Files
test/intern/cycles/util/math_float2.h
Sergey Sharybin 30b962b3d8 Cycles: Optimize 3d and 4d noise
The goal is to reduce the affect of the fmod() used in the noise code,
which was initially reported in the comment:

    https://projects.blender.org/blender/blender/pulls/119884#issuecomment-1258902

Basic idea is to benefit from SIMD vectorization on CPU.
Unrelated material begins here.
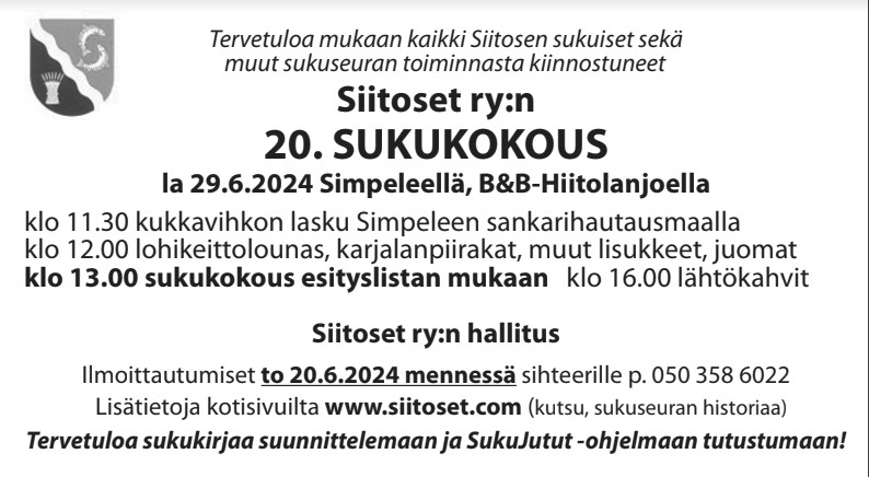 Siitoset ry:n sukukokous pidettiin Hiitolanjoella 29.6.2024. Sukukokoukseen osallistui 65 henkilöä, heistä perustajajäseniä paikalla oli 8 henkilöä. Vuoden 2024 kunniajäseneksi valittiin Kerttu Lindén Parikkalasta ja Rauno Norkia Ruokolahdelta. Edelliset 2022 vuoden kunniajäsenet Raija ja Aimo Paakkunainen olivat mukana myös kesän 2024 sukutapaamisessa. Sukukokouksessa puheenjohtaja Jouko Siitonen ehdotti, että isovanhemmat/ vanhemmat hankkisivat sukukirjan jälkipolvilleen.

Tested on Linux i9-11900K and macOS on M2 Ultra, in both cases performance
after this change is very close to what it could be with the fmod() commented
out (the call itself, `p = p + precision_correction`).

On macOS the penalty of fmod() was about 10%, on Linux it was closer to 30%
when built with GCC-13. With Linux builds from the buildbot it is more like 18%.

The optimization is only done for 3d and 4d noise. It might be possible to
gain some performance improvement for 1d and 2d cases, but the approach would
need to be different: we'd need to optimize scalar version fmodf(). Maybe
tricks with integer cast will be faster (since we are a bit optimistic in the
kernel and do not guarantee exact behavior in extreme cases such as NaN inputs).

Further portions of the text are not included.